Aim of the exercise
All lines holding the string "chosen" should be copied from the data below.

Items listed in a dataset
◆ ◆ ◆
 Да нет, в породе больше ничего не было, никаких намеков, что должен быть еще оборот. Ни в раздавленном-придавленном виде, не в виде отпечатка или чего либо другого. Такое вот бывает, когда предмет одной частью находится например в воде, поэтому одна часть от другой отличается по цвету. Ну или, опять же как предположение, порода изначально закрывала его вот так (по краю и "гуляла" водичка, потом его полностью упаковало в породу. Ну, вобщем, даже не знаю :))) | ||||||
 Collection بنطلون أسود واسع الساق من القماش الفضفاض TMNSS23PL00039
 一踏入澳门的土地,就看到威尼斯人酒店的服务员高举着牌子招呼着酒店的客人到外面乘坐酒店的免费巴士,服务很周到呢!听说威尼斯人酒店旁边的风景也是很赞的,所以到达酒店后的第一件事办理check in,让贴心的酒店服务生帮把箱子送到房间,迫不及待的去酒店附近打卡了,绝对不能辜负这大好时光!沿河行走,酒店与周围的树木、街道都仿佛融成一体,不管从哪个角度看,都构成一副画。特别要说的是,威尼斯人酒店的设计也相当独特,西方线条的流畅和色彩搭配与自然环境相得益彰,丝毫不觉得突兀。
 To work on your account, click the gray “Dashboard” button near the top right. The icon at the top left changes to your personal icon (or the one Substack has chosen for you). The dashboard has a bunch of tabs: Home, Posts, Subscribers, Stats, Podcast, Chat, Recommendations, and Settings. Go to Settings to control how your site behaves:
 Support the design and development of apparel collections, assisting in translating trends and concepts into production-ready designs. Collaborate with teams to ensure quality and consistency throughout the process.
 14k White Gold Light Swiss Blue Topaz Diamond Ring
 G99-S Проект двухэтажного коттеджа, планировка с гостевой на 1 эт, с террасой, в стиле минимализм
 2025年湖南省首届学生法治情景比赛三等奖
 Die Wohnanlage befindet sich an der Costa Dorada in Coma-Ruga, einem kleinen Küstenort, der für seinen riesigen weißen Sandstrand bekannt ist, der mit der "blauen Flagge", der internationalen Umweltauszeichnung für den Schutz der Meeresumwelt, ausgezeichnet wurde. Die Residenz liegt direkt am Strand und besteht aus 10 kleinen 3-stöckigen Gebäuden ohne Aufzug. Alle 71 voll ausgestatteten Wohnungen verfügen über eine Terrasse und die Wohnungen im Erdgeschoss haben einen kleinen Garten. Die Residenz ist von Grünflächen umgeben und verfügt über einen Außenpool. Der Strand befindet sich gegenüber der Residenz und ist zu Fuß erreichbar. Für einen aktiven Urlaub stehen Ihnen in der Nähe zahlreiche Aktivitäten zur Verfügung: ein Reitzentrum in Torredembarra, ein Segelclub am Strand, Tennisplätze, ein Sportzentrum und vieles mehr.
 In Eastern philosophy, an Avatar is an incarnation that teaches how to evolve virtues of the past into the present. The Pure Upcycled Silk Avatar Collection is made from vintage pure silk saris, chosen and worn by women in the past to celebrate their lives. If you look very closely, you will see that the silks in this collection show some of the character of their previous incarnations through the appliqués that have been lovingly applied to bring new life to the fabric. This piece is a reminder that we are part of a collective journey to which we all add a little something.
◆ ◆ ◆
Your response
 To work on your account, click the gray “Dashboard” button near the top right. The icon at the top left changes to your personal icon (or the one Substack has chosen for you). The dashboard has a bunch of tabs: Home, Posts, Subscribers, Stats, Podcast, Chat, Recommendations, and Settings. Go to Settings to control how your site behaves:
 In Eastern philosophy, an Avatar is an incarnation that teaches how to evolve virtues of the past into the present. The Pure Upcycled Silk Avatar Collection is made from vintage pure silk saris, chosen and worn by women in the past to celebrate their lives. If you look very closely, you will see that the silks in this collection show some of the character of their previous incarnations through the appliqués that have been lovingly applied to bring new life to the fabric. This piece is a reminder that we are part of a collective journey to which we all add a little something.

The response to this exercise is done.